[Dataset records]
----

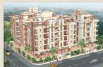
Vardhman Residency, Ajmer Road
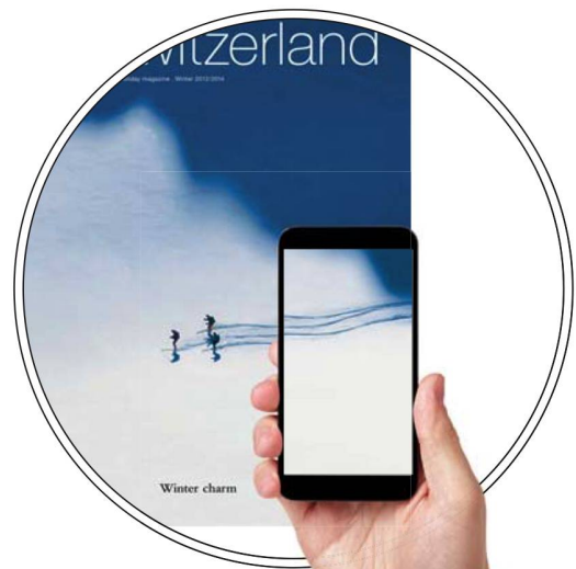
Thanks to ST’s app Swiss Extend, a magazine becomes a film.

At the Mountain Travel Symposium (MTS) in Aspen, Colorado, 1,200 people played cow bingo. ST organised the event, with St. Moritz, Interlaken/Jungfrau Railway, Engelberg/Titlis and Valais as partners. MTS is North America’s most important winter tourism conference. Tour operators from the US, UK, Canada, South America, Australia and New Zealand come here to swap ideas. Switzerland positioned itself as the top winter destination at the one-week event. Cow bingo was the talk of the show.
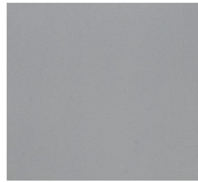
6. WATERPROOFING MEMBRANE Single-ply PVC membrane on roof finish and parapets.
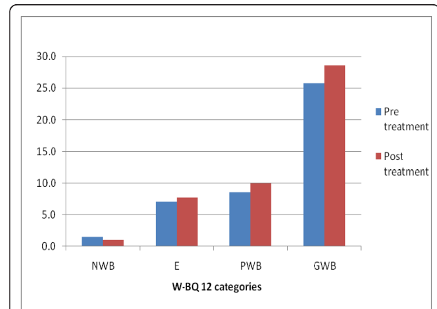
Figure 4 Comparison of pre and post treatment WBQ-12 scores.
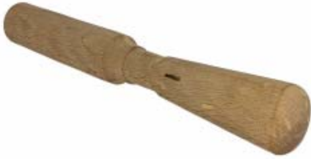
Phil Manning's Oak multi-center turning
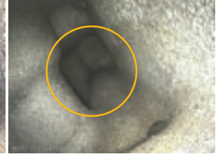
Bright illumination, even in large and deep areas
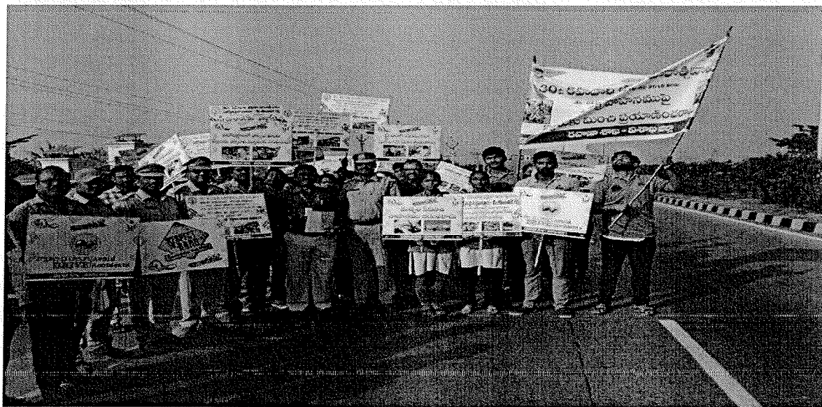
Figure : Creating Road safety awareness by NSS student volunteers

[Signature] Programme Officer National Service Scheme (Unit No. AP 16-108) Dadi Institute of Engg & Technology Anakapalle - 531 002
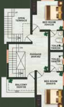
FIRST FLOOR AREA - 709 Sq.Ft
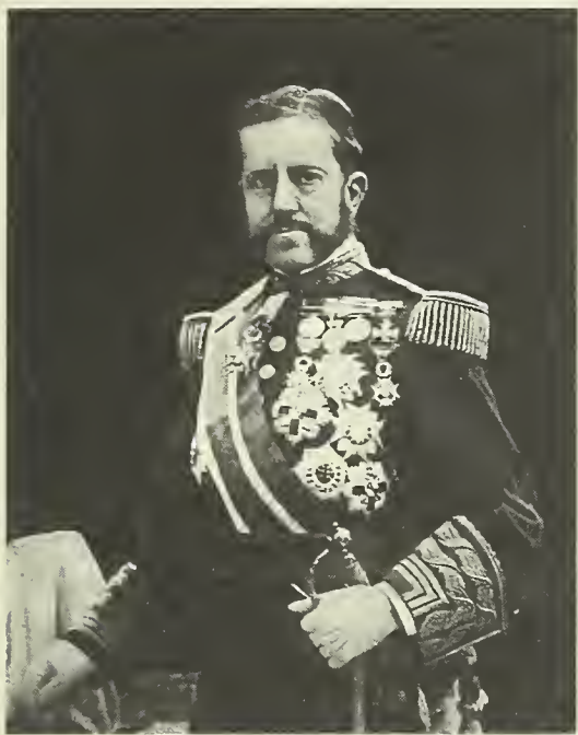
FIGURE 3.3 • General Valeriano Weyler.

Valeriano Weyler. Cubans, and especially the U.S. press, called him “The Butcher.” His policy of reconcentration from 1896—a euphemism for the forced relocation of over 300,000 Cubans to isolated areas to clear the path for counterinsurgency operations—killed somewhere between 150,000 and 170,000 civilians, an estimated 10 percent of the island’s population. 25
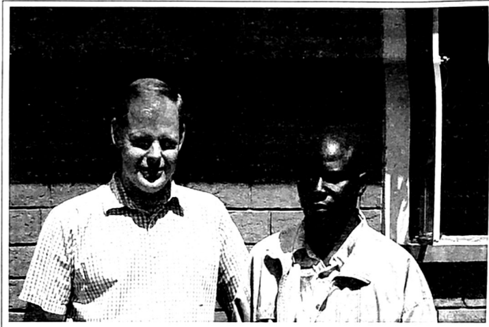
Standing outside with a former prisoner who assisted me in the ministry at the prison.
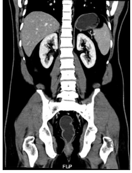
Figure 2. Coronal and sagittal reformatted abdominal contrast enhanced venous phase computed tomography images acquired in single-energy mode of the same patient

30-60 mm<sup>2</sup>), erector spinae muscle (ROI size, 50-100 mm<sup>2</sup>), and anterior abdominal wall subcutaneous fat (ROI size, 30-100 mm<sup>2</sup>) on 3 mm axial images of all 100 data sets. Areas with focal heterogeneity of contrast enhancement, focal calcification, and adjacent anatomical structures were excluded to facilitate homogenous measurements. The measurements were repeated 3 times to avoid data inaccuracies, and the mean values were calculated. The image noise was defined as the standard deviation of the fat.
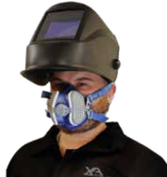
WELDING HELMET NOT INCLUDED
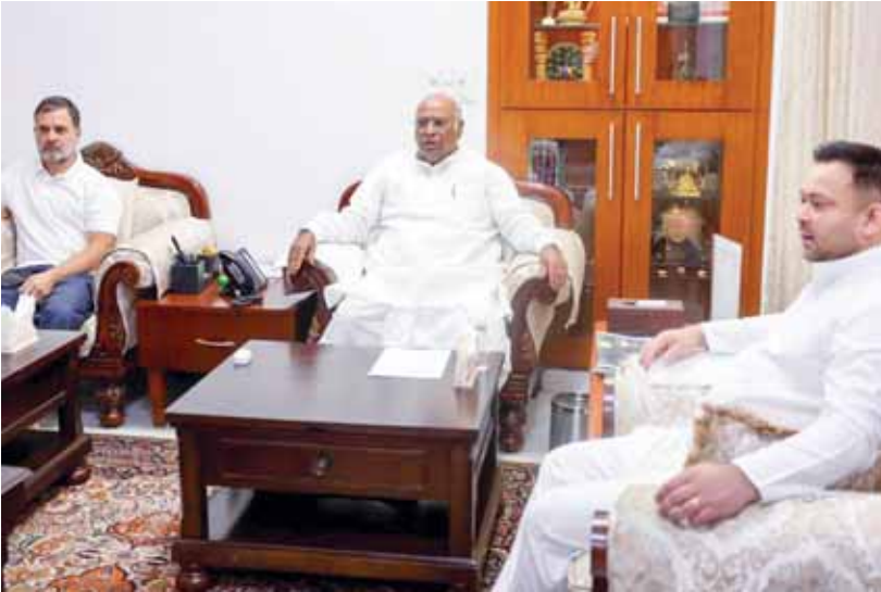
Congress President Mallikarjun Kharge with LoP in the Lok Sabha and party leader Rahul Gandhi and RJD leader Tejashwi Yadav during a meeting in New Delhi

20 years in Bihar and PM Modi is at the helm for 11 years... Amid all this, Bihar has been given step-motherly treatment. Bihar is the most economically backward (state), with the lowest per capita income, lowest
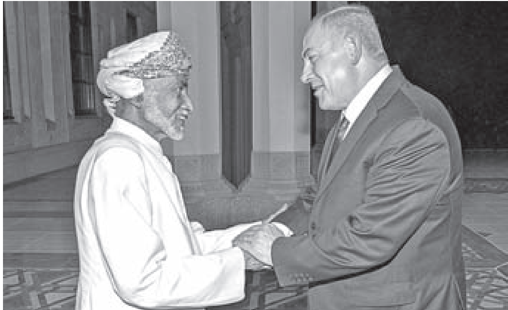
With Israeli Prime Minister Benjamin Netanyahu in Muscat on October 26, 2018
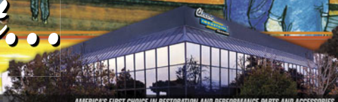
AMERICA'S FIRST CHOICE IN RESTORATION AND PERFORMANCE PARTS AND ACCESSORIES
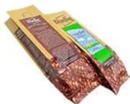
Side gusset bag ▶
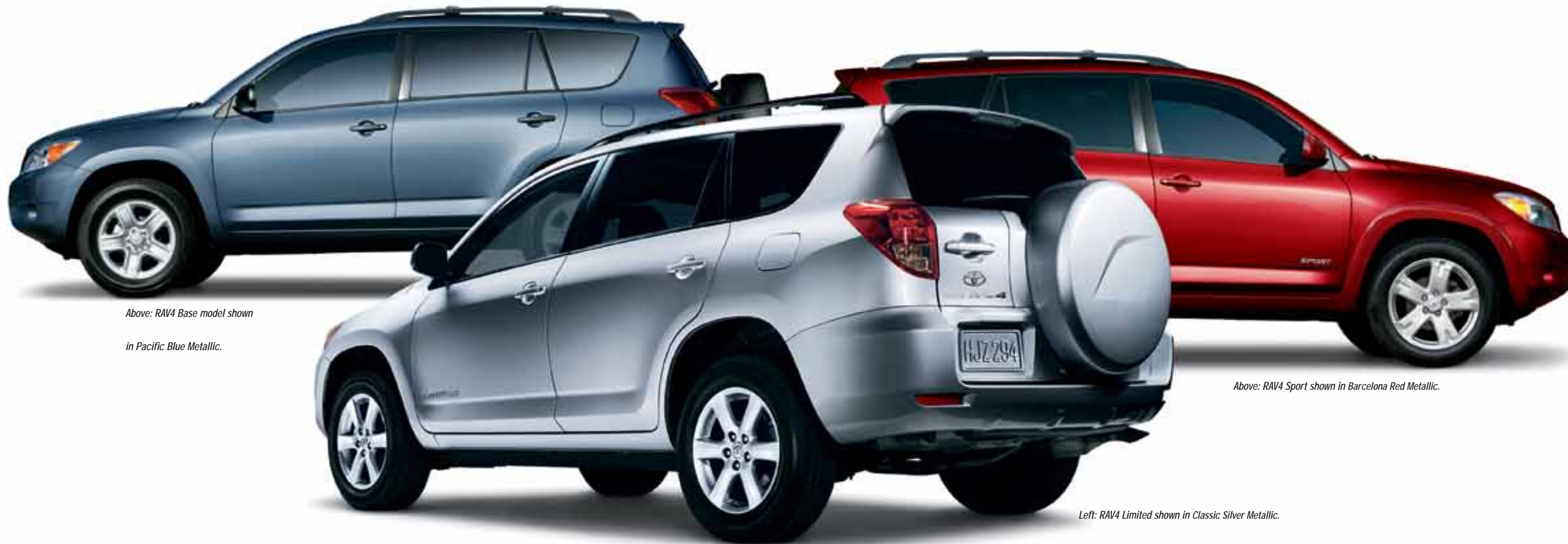
Above: RAV4 Base model shown in Pacific Blue Metallic.
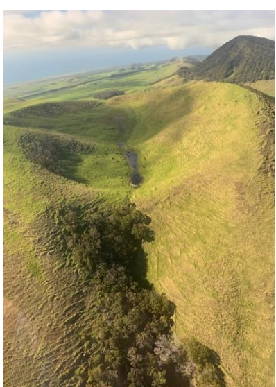
Checking out the volcanos, cliffs, waterfalls, and general landscape from a helicopter. WOW!
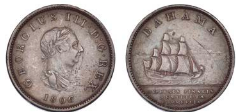
2120 George III , Penny, 1806 (Prid. 2; KM. 1). Very fine £150-200
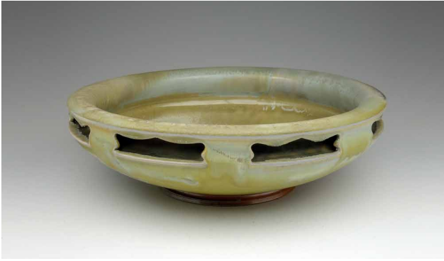
Andrew Chanania Bowl , 2016, wood fired, salt fired, soda fired porcelain, 4" x 13.5" x 13.5", $150
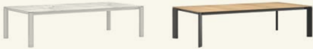
Table with 4-legged with oak, lacquered, optical glass, technical stone 8, Compacto HPL, laminated, ultramatte, linoleum, marble M1 or M3 top.

It is a table system of 1.500 mm./59 inches width and lengths from 3.000 mm./118,25 inches to 6.000 mm./236 inches. It can be configured with square, delta or cylindrical leg in aluminum or covered in oak. The table tops are available in a wide variety of materials and offer integrated wiring and electrification systems in accordance with international standards.
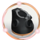
BASE / CHARGER
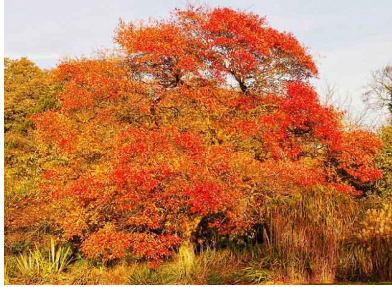
Nyssa sylvatica tupelo
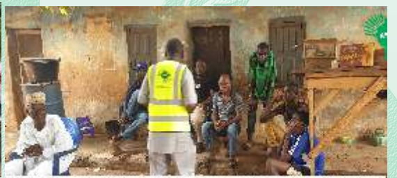
MEN PARTICIPATING IN A KNOWLEDGE SHARING EXERCISE FACILITATED BY AYGF IN KOGI ENCOURAGING THEIR WIVES AND MOTHERS TO PARTICIPATE IN PATRONIZING NUTRITIONAL SERVICES ON THE 31ST OF MARCH, 2022.
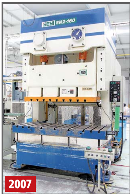
SEYI SN2-160 DOUBLE CRANK, GAP FRAME PRESS
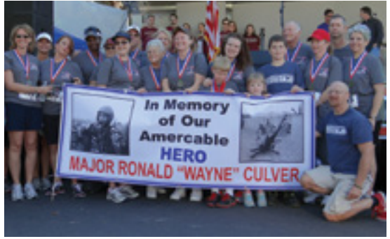
Nexans Amercable, 5K sponsor, donated $6,000 to toward the SouthArk Outdoor Expo fundraising effort.
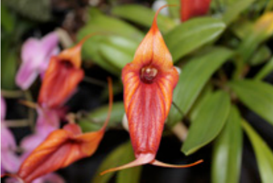
Masdevallia Prince Charming
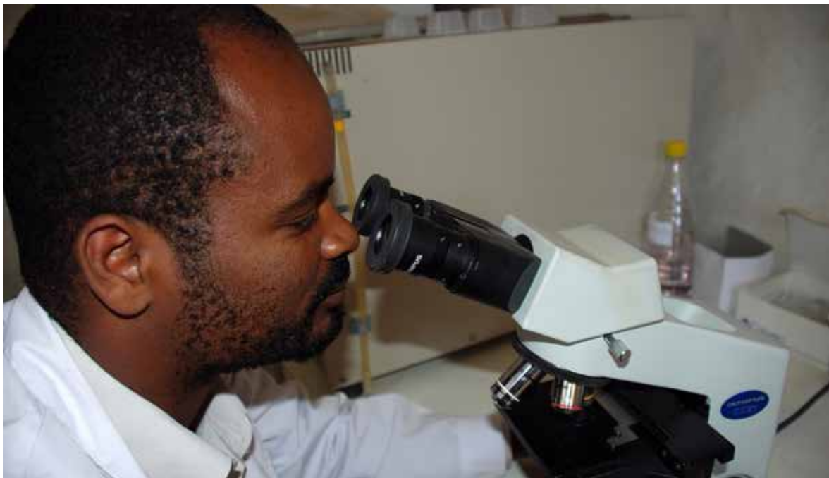
The Family Guidance Association of Ethiopia is a local Ethiopian NGO that provides sexual and reproductive health services focussed on youth and works closely with TESFA to deliver HIV counselling and testing facilities for older people in Addis Ababa, Ethiopia

“Treatment is not a pill, it must be delivered with dignity and respect.”

----

Your goal
Set down every entry above without alteration, but print no images.

Response area
Vardhman Residency, Ajmer Road
Thanks to ST’s app Swiss Extend, a magazine becomes a film.

At the Mountain Travel Symposium (MTS) in Aspen, Colorado, 1,200 people played cow bingo. ST organised the event, with St. Moritz, Interlaken/Jungfrau Railway, Engelberg/Titlis and Valais as partners. MTS is North America’s most important winter tourism conference. Tour operators from the US, UK, Canada, South America, Australia and New Zealand come here to swap ideas. Switzerland positioned itself as the top winter destination at the one-week event. Cow bingo was the talk of the show.
6. WATERPROOFING MEMBRANE Single-ply PVC membrane on roof finish and parapets.
Figure 4 Comparison of pre and post treatment WBQ-12 scores.
Phil Manning's Oak multi-center turning
Bright illumination, even in large and deep areas
Figure : Creating Road safety awareness by NSS student volunteers

[Signature] Programme Officer National Service Scheme (Unit No. AP 16-108) Dadi Institute of Engg & Technology Anakapalle - 531 002
FIRST FLOOR AREA - 709 Sq.Ft
FIGURE 3.3 • General Valeriano Weyler.

Valeriano Weyler. Cubans, and especially the U.S. press, called him “The Butcher.” His policy of reconcentration from 1896—a euphemism for the forced relocation of over 300,000 Cubans to isolated areas to clear the path for counterinsurgency operations—killed somewhere between 150,000 and 170,000 civilians, an estimated 10 percent of the island’s population. 25
Standing outside with a former prisoner who assisted me in the ministry at the prison.
Figure 2. Coronal and sagittal reformatted abdominal contrast enhanced venous phase computed tomography images acquired in single-energy mode of the same patient

30-60 mm<sup>2</sup>), erector spinae muscle (ROI size, 50-100 mm<sup>2</sup>), and anterior abdominal wall subcutaneous fat (ROI size, 30-100 mm<sup>2</sup>) on 3 mm axial images of all 100 data sets. Areas with focal heterogeneity of contrast enhancement, focal calcification, and adjacent anatomical structures were excluded to facilitate homogenous measurements. The measurements were repeated 3 times to avoid data inaccuracies, and the mean values were calculated. The image noise was defined as the standard deviation of the fat.
WELDING HELMET NOT INCLUDED
Congress President Mallikarjun Kharge with LoP in the Lok Sabha and party leader Rahul Gandhi and RJD leader Tejashwi Yadav during a meeting in New Delhi

20 years in Bihar and PM Modi is at the helm for 11 years... Amid all this, Bihar has been given step-motherly treatment. Bihar is the most economically backward (state), with the lowest per capita income, lowest
With Israeli Prime Minister Benjamin Netanyahu in Muscat on October 26, 2018
AMERICA'S FIRST CHOICE IN RESTORATION AND PERFORMANCE PARTS AND ACCESSORIES
Side gusset bag ▶
Above: RAV4 Base model shown in Pacific Blue Metallic.
Checking out the volcanos, cliffs, waterfalls, and general landscape from a helicopter. WOW!
2120 George III , Penny, 1806 (Prid. 2; KM. 1). Very fine £150-200
Andrew Chanania Bowl , 2016, wood fired, salt fired, soda fired porcelain, 4" x 13.5" x 13.5", $150
Table with 4-legged with oak, lacquered, optical glass, technical stone 8, Compacto HPL, laminated, ultramatte, linoleum, marble M1 or M3 top.

It is a table system of 1.500 mm./59 inches width and lengths from 3.000 mm./118,25 inches to 6.000 mm./236 inches. It can be configured with square, delta or cylindrical leg in aluminum or covered in oak. The table tops are available in a wide variety of materials and offer integrated wiring and electrification systems in accordance with international standards.
BASE / CHARGER
Nyssa sylvatica tupelo
MEN PARTICIPATING IN A KNOWLEDGE SHARING EXERCISE FACILITATED BY AYGF IN KOGI ENCOURAGING THEIR WIVES AND MOTHERS TO PARTICIPATE IN PATRONIZING NUTRITIONAL SERVICES ON THE 31ST OF MARCH, 2022.
SEYI SN2-160 DOUBLE CRANK, GAP FRAME PRESS
Nexans Amercable, 5K sponsor, donated $6,000 to toward the SouthArk Outdoor Expo fundraising effort.
Masdevallia Prince Charming
The Family Guidance Association of Ethiopia is a local Ethiopian NGO that provides sexual and reproductive health services focussed on youth and works closely with TESFA to deliver HIV counselling and testing facilities for older people in Addis Ababa, Ethiopia

“Treatment is not a pill, it must be delivered with dignity and respect.”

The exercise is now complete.